WORK INSTRUCTION :: Among the lines below, copy exactly those from the one with "为激励广大教职工扎实工作、开" through the one with "لپ تاپ 12 اینچی", counting both ends.

MATERIAL PROVIDED ::

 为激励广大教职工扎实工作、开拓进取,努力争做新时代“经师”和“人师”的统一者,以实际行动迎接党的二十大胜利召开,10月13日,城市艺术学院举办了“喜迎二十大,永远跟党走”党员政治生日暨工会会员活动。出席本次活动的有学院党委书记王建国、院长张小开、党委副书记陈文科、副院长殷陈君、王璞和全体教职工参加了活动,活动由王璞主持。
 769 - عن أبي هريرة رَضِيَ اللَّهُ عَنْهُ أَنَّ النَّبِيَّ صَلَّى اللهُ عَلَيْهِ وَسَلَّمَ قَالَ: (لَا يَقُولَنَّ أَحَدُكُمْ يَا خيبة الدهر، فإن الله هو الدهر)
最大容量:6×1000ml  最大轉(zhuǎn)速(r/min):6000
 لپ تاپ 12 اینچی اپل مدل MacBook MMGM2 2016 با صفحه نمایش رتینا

* * *

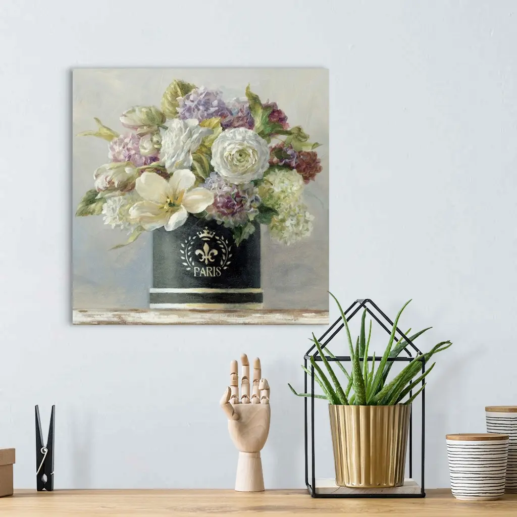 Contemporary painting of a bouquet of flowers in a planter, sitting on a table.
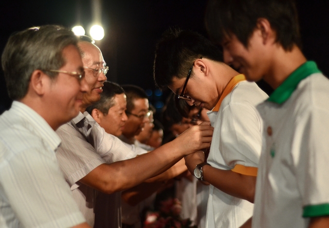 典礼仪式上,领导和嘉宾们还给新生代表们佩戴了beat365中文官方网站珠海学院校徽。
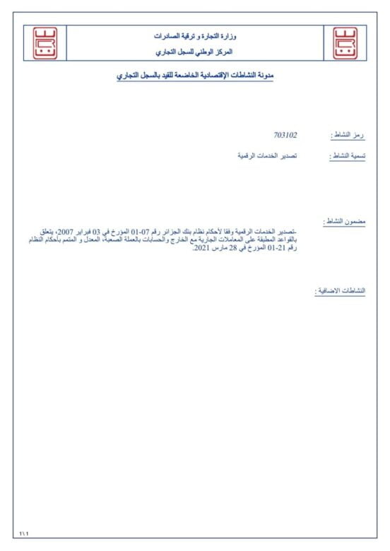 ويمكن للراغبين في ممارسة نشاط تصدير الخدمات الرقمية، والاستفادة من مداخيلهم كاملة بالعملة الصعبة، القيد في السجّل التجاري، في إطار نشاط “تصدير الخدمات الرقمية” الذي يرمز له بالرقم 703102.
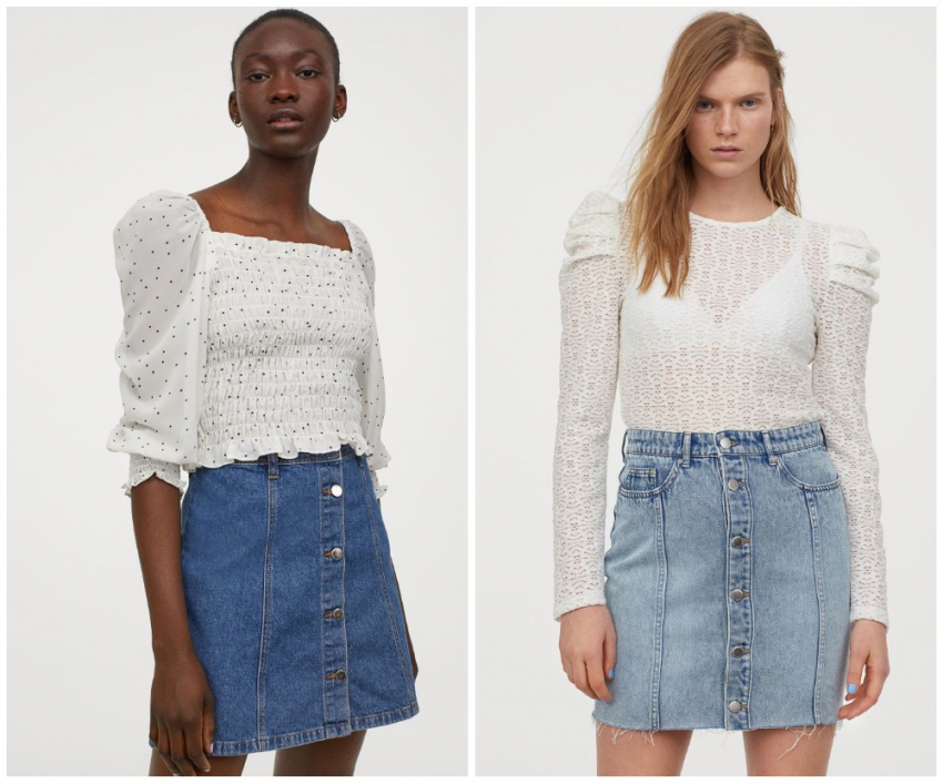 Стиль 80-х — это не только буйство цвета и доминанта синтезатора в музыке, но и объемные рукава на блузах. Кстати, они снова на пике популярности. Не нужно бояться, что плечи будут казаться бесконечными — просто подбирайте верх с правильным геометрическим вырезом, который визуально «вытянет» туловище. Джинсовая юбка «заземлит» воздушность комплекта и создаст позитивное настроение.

* * *

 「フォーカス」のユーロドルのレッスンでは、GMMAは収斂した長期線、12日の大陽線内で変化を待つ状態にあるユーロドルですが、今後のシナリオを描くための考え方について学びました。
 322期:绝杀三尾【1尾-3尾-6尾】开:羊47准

WRITTEN SOLUTION ::
 为激励广大教职工扎实工作、开拓进取,努力争做新时代“经师”和“人师”的统一者,以实际行动迎接党的二十大胜利召开,10月13日,城市艺术学院举办了“喜迎二十大,永远跟党走”党员政治生日暨工会会员活动。出席本次活动的有学院党委书记王建国、院长张小开、党委副书记陈文科、副院长殷陈君、王璞和全体教职工参加了活动,活动由王璞主持。
 769 - عن أبي هريرة رَضِيَ اللَّهُ عَنْهُ أَنَّ النَّبِيَّ صَلَّى اللهُ عَلَيْهِ وَسَلَّمَ قَالَ: (لَا يَقُولَنَّ أَحَدُكُمْ يَا خيبة الدهر، فإن الله هو الدهر)
最大容量:6×1000ml  最大轉(zhuǎn)速(r/min):6000
 لپ تاپ 12 اینچی اپل مدل MacBook MMGM2 2016 با صفحه نمایش رتینا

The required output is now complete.